> [Dataset extract]:
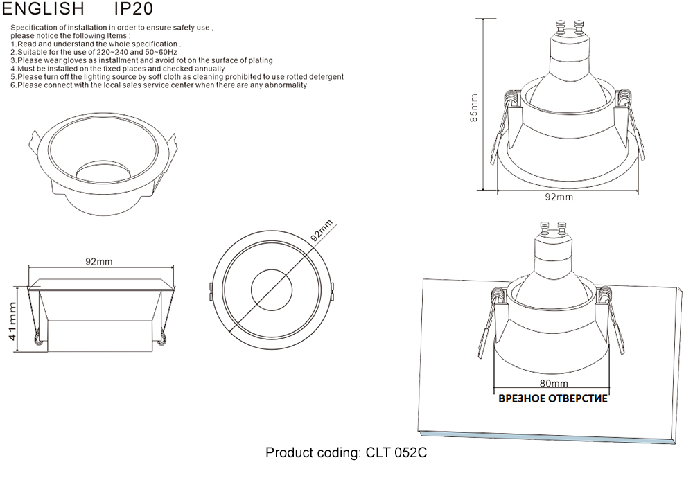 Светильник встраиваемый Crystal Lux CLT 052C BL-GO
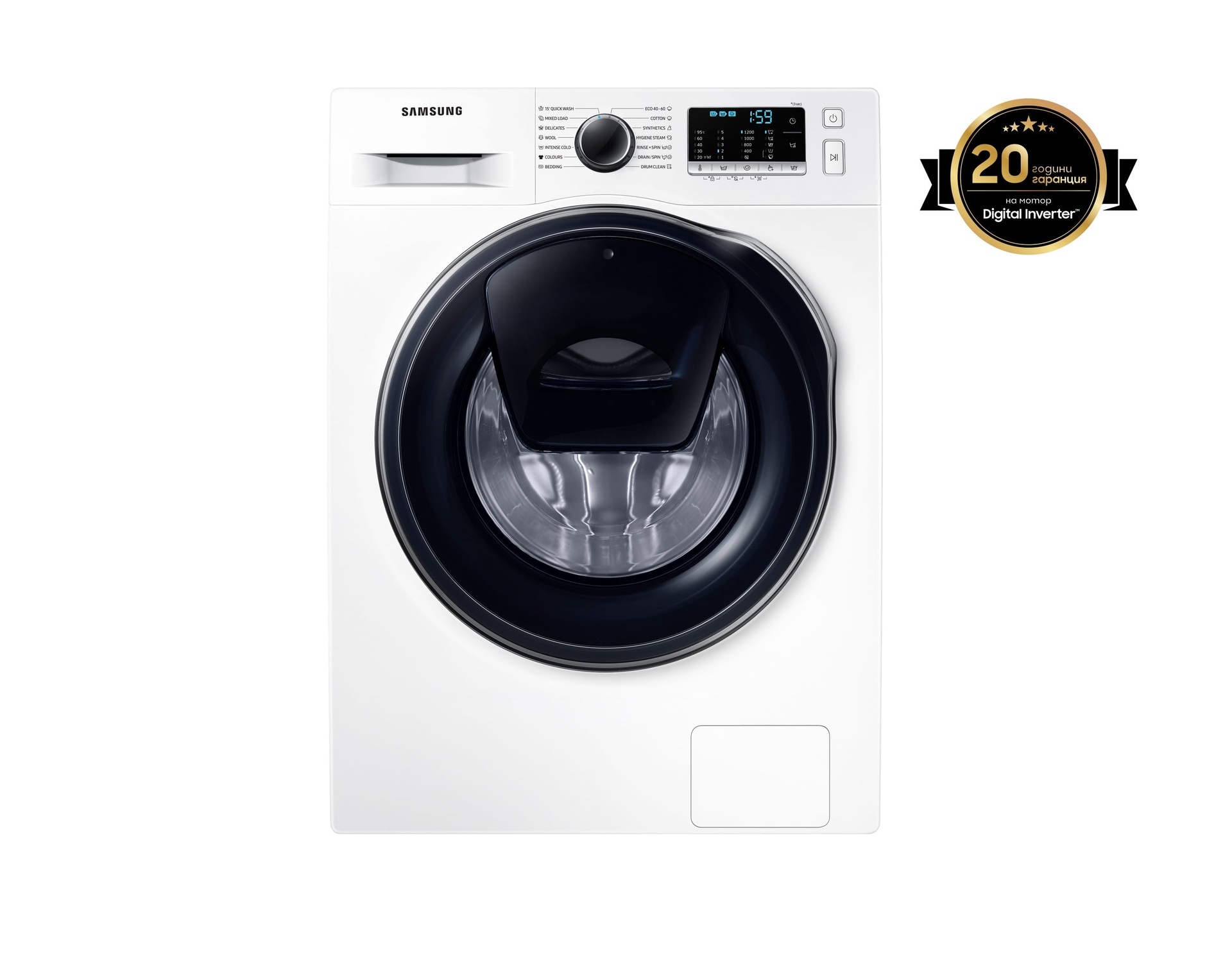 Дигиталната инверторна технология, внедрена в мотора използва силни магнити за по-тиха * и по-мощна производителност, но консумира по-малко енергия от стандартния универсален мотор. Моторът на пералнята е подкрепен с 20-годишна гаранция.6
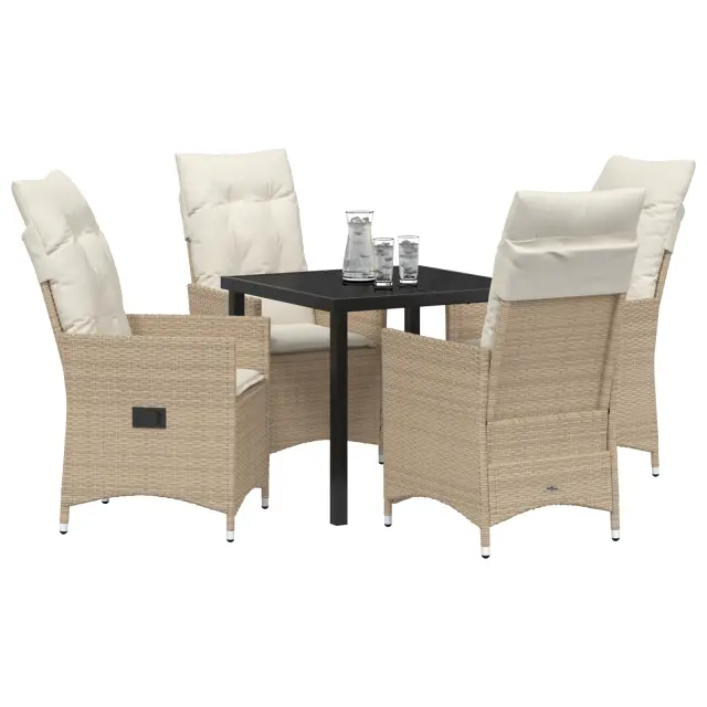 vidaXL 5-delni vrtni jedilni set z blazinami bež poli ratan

> [What the exercise asks]:
Return all the material exactly, pictures excluded.

> [Answer below]:
 Светильник встраиваемый Crystal Lux CLT 052C BL-GO
 Дигиталната инверторна технология, внедрена в мотора използва силни магнити за по-тиха * и по-мощна производителност, но консумира по-малко енергия от стандартния универсален мотор. Моторът на пералнята е подкрепен с 20-годишна гаранция.6
 vidaXL 5-delni vrtni jedilni set z blazinami bež poli ratan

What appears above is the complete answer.